The Campriano farm is in the hills above Greve in Chianti, the first major town in the Classico zone driving south from Florence. Here the galestro schist is prevalent, and the wines are profound and muscular. The family’s Riserva is produced from an isolated parcel surrounded by bosco, or wilderness. You can smell and taste the wildness when you uncork this beauty, preferably with a well-butchered bistecca on the grill. –Dixon Brooke
Almost all of the growers with whom we work manage “small family farms.” Then there is Podere Campriano in Greve, who prove the statement more literally than just about anyone. This Tuscan family lives in a humble farmhouse atop a small hillside of 2 hectares of Sangiovese vines. This is their organically pampered backyard from which they craft a delicious Chianti Classicos in the stone cellars beneath their home. The Campriano red wines are traditionally made and reflective of the unique terroir of the Alta Greve—dark, galestro schist infused wines with bold fruit and serious depth. The extreme care and focus of the Lapini family and their dedication to organic agriculture impart a unique character and spirit upon their wines.

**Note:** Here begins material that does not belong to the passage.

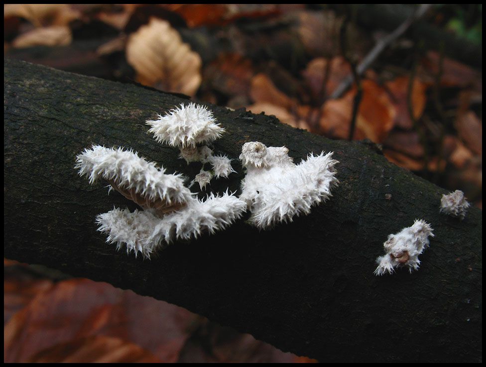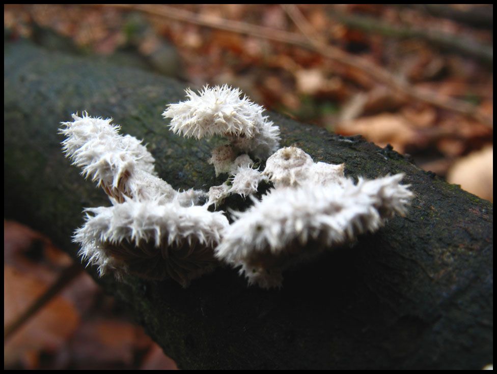 Da wir eben schon den Zottigen Schichtpilz hatten, hier ein paar Weitere die das Attribut zottig durchaus auch im Namen führen könnten. Stattdessen heißen sie aber Gemeine Spaltblättlinge (Schizophyllum commune), obwohl sie eher kuschelig als gemein aussehen

Perhaps no region is tied to Italy’s reputation as a producer of fine wine as much as Tuscany. Since Etruscan times, viticulture has played a prominent role in this idyllic land of rolling hills, and the Tuscan winemaking tradition remains as strong as ever today. With a favorable Mediterranean climate, an undulating topography offering countless altitudes and expositions, and a wealth of poor, well-draining soils, conditions are ideal for crafting high-quality wines. Add to that the rich gastronomical tradition—Tuscany is home to some of the country’s finest game, pastas, salumi, and cheeses—and you have the blueprint for a world-class wine region.
This is Sangiovese territory; in fact, it is arguably the only place in the world where Sangiovese reaches a truly regal expression. In spite of a rocky history with fluctuations in quality, traditionally produced Chianti has reclaimed its status as one of the country’s most reliable, food-friendly reds, while the rapid rise of Brunello di Montalcino shows the grape’s potential for grandiose, opulent reds allying power and finesse. Traditionally-minded growers have stuck to using only indigenous grape varieties and employing techniques like aging in massive wooden casks known as botti, creating wines of terroir that shine at the Tuscan table.
Tuscan wines have had a place in our portfolio since Kermit’s first visit in 1977. While the names of the estates have changed, the spirit of those first unfiltered Chiantis he imported live on through our current selections.
Let the brett nerds retire into protective bubbles, and whenever they thirst for wine it can be passed in to them through a sterile filter. Those of us on the outside can continue to enjoy complex, natural, living wines.